By the quotient rule, $\phi'(z) = \dfrac{1-\bar{a}z + \bar{a}(z-a)}{(1-\bar{a}z)^2} = \dfrac{1 - \bar{a}a}{(1-\bar{a}z)^2}$, and therefore $$|\phi'(z)|^2 = \phi'(z)\overline{\phi'(z)} = \frac{(1 - \bar{a}a)^2}{(1-\bar{a}z)^2(1-a\bar{z})^2} = \frac{(1 - \bar{a}a)^2}{(1-2\text{re}(\bar{a}z) + \bar{a}a\bar{z}z)^2}.$$ So we want to evaluate \(\displaystyle \frac1\pi \iint_{\Bbb D}\frac{(1 - \bar{a}a)^2}{(1-2\text{re}(\bar{a}z) + \bar{a}a\bar{z}z)^2}\,dA\), where $A$ denotes area measure. The substitution $z\mapsto e^{i\arg a}z$ leaves the integral unchanged (it just represents a rotation of the disc, which preserves the measure), and has the effect of replacing $a$ by $|a|$. For the rest of the proof I will write $a$ instead of $|a|$, so that $a$ is real, positive, and less than $1$.

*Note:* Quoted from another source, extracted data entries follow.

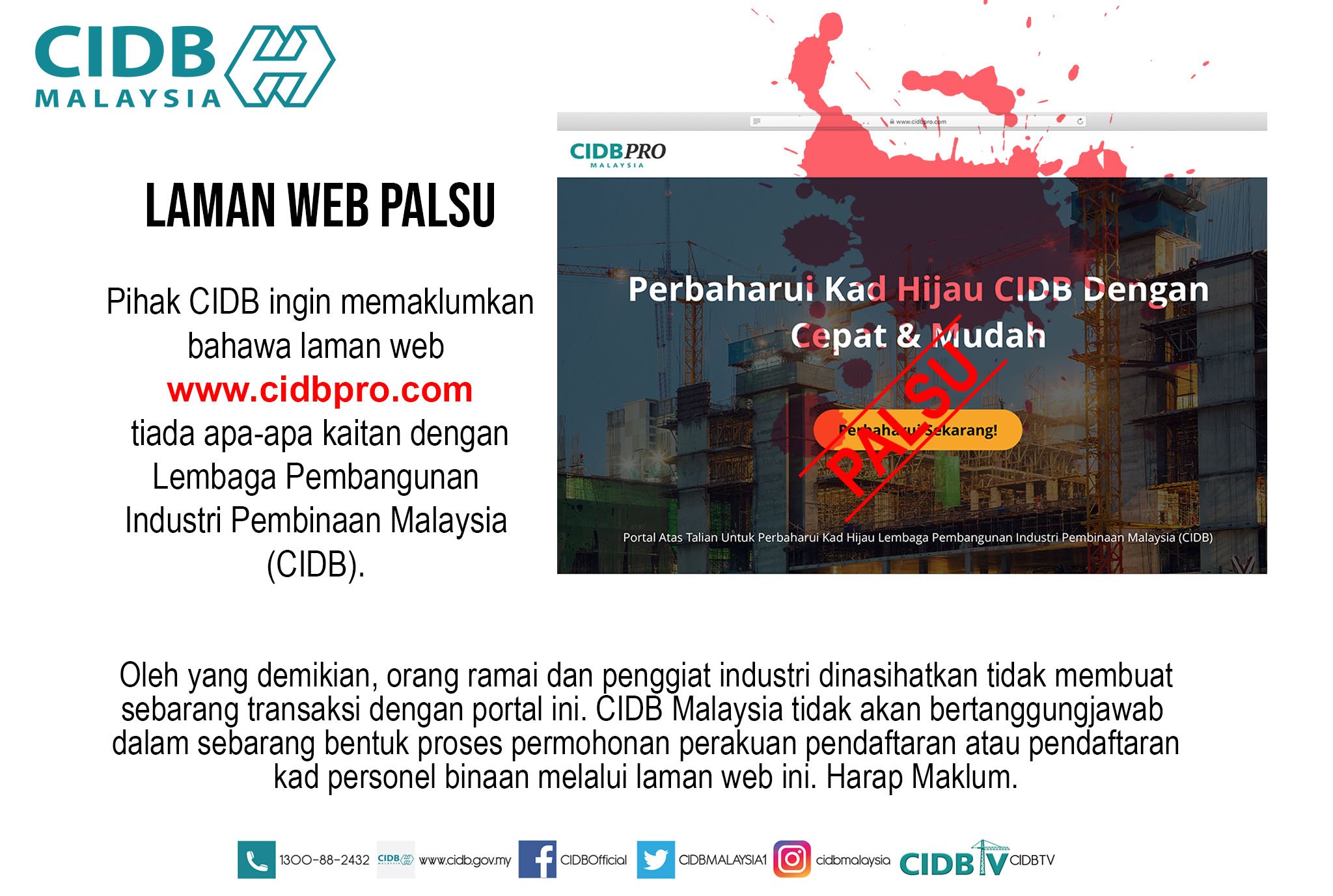 Cidb Malaysia On Twitter Laman Web Palsu Sekali Lagi Pihak Cidb Ingin Memaklumkan Bahawa Laman Web Https T Co Uloqbfxmis Tiada Apa Apa Kaitan Dengan Lembaga Pembangunan Industri Pembinaan Malaysia Cidb 1 2 Https T Co
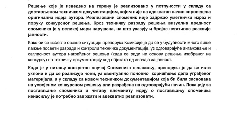 KOMISIJA ODLUČILA: SPOMENIK NENASILJU BIĆE UKLONJEN ZBOG PROPUSTA
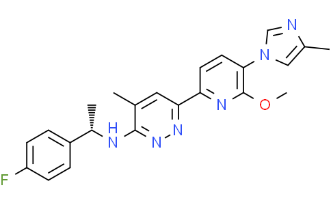 BPN-15606 是一种高效的口服活性 γ-secretase 调节剂 (GSM),可减弱 SHSY5Y 神经母细胞瘤细胞产生 Aβ42 和 Aβ40 的作用,IC50 值分别为 7 nM 和 17 nM。BPN-15606 可以降低大鼠和小鼠中枢神经系统中的 Aβ42 和 Aβ40 水平。BPN-15606 具有良好的 PK/PD 特性,包括生物利用度,半衰期和清除率。
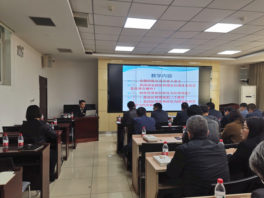 省委黨校教授曹建民通過鮮明生動的事例總結概括了中國特色社會主義制度的十三個顯著優(yōu)勢,并對如何強化制度執(zhí)行力,加強制度執(zhí)行的監(jiān)督等方面進行了講解,通過對這一專題知識的學習,廣大黨員及入黨積極分子更加深刻的了解到中國特色社會主義民主政治的制度優(yōu)勢與治理效能日益凸顯。
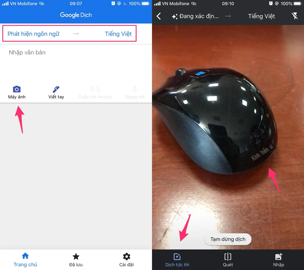 Tính năng Dịch tức thời hiện tại đã hỗ trợ tiếng Việt. Ảnh: MINH HOÀNG
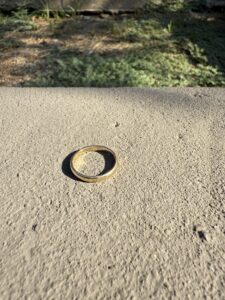 I received a call regarding a lost gold ring that had gone missing somewhere in the backyard. While completing several tasks throughout her day, the client realized the ring had slipped out of her pocket. After searching the area with no success, she reached out for assistance. I was able to schedule a service visit and begin searching the yard — and soon, the ring was found. She was very happy to have it safely returned to her.

Next, write the integral on terms of polar coordinates as $$ \frac{(1 - a^2)^2}\pi \iint_{\Bbb D}\frac{1}{(1-2a\,\text{re}(z) + a^2\bar{z}z)^2}\,dA = \frac{(1 - a^2)^2}\pi \int_0^1\int_0^{2\pi}\frac{1}{(1-2ar\cos\theta + a^2r^2)^2}\,r\,d\theta \,dr.$$ Taking the theta integral first, substitute $w = e^{i\theta}$ to get $$ \begin{aligned}\int_0^{2\pi}\frac{1}{(1-2ar\cos\theta + a^2r^2)^2}\,d\theta &= \oint_{\partial\Bbb D}\frac1{\bigl((1+a^2r^2) - ar(w+w^{-1})\bigr)^2}\frac{dw}{iw} \\ &= \oint_{\partial\Bbb D}\frac{-iw}{(arw^2 - (1+a^2r^2)w + ar)^2}dw \\ &= \oint_{\partial\Bbb D}\frac{-iw}{a^2r^2(w - ar)^2\bigl(w - \frac1{ar}\bigr)^2}dw. \end{aligned} $$ By the Cauchy Integral Formula (and the fact that $ar$ lies inside $\Bbb D$), that last integral is equal to $$ \begin{aligned}\frac{2\pi i}{a^2r^2}\frac d{dw}\biggl(\frac{-iw}{(w - \frac1{ar})^2}\biggr)\bigg|_{w=ar} &= \frac{2\pi}{a^2r^2}\frac{(w - \frac1{ar})^2 - 2ar(w - \frac1{ar})}{(w - \frac1{ar})^4}\bigg|_{w=ar} \\ &= \frac{2\pi}{a^2r^2}\frac{ar - \frac1{ar} - 2ar}{(ar - \frac1{ar})^3} \\ &= \frac{2\pi(1 + a^2r^2)}{(1 - a^2r^2)^3}.\end{aligned}$$ Now plug that into the $r$-integral and then make the substitution $s = a^2r^2$, to get $$ \begin{aligned} \frac1\pi \iint_{\Bbb D}\frac{(1 - \bar{a}a)^2}{(1-2\text{re}(\bar{a}z) + \bar{a}a\bar{z}z)^2}\,dA &= \frac{(1 - a^2)^2}\pi \int_0^1\frac{2\pi r(1+a^2r^2)}{(1 - a^2r^2)^3}dr \\ &= \frac{(1 - a^2)^2}{a^2}\int_0^{a^2}\frac{1+s}{(1-s)^3}ds \\ &= \frac{(1 - a^2)^2}{a^2}\int_0^{a^2}\biggl(\frac2{(1-s)^3} - \frac1{(1-s)^2} \biggr)ds \\ &= \frac{(1 - a^2)^2}{a^2}\biggl[\frac1{(1-s)^2} - \frac1{1-s}\biggr]_0^{a^2} \\ &= \frac{(1 - a^2)^2}{a^2}\frac{a^2}{(1 - a^2)^2} \\ &= \large 1 \quad! \end{aligned}$$

Edit. Euge has pointed out that my solution does not work when $a=0$. To deal with that case, note that the function then becomes $\phi(z) = z$. So $\phi'(z)$ is the constant $1$, and the average value of its square over $\Bbb D$ is also $1$. Thus the result \(\displaystyle \frac{1}{\pi}\iint_{\Bbb D} |\phi'(x + yi)|^2\, dx\, dy = 1\) still holds in that case.
 

FAQ: What is the Average Value of |dφ/dz|^2 over the Open Unit Disk?

What is the Average Value of |dφ/dz|^2 over the Open Unit Disk?

The average value of |dφ/dz|^2 over the open unit disk is a measure of the average rate of change of the angle of a function as it moves along the disk. It is an important concept in complex analysis and is often used to calculate various properties of functions.

Why is the Average Value of |dφ/dz|^2 over the Open Unit Disk important?

The average value of |dφ/dz|^2 over the open unit disk is important because it allows us to understand the behavior of a function on the disk as a whole. It can also be used to calculate the maximum and minimum values of a function on the disk.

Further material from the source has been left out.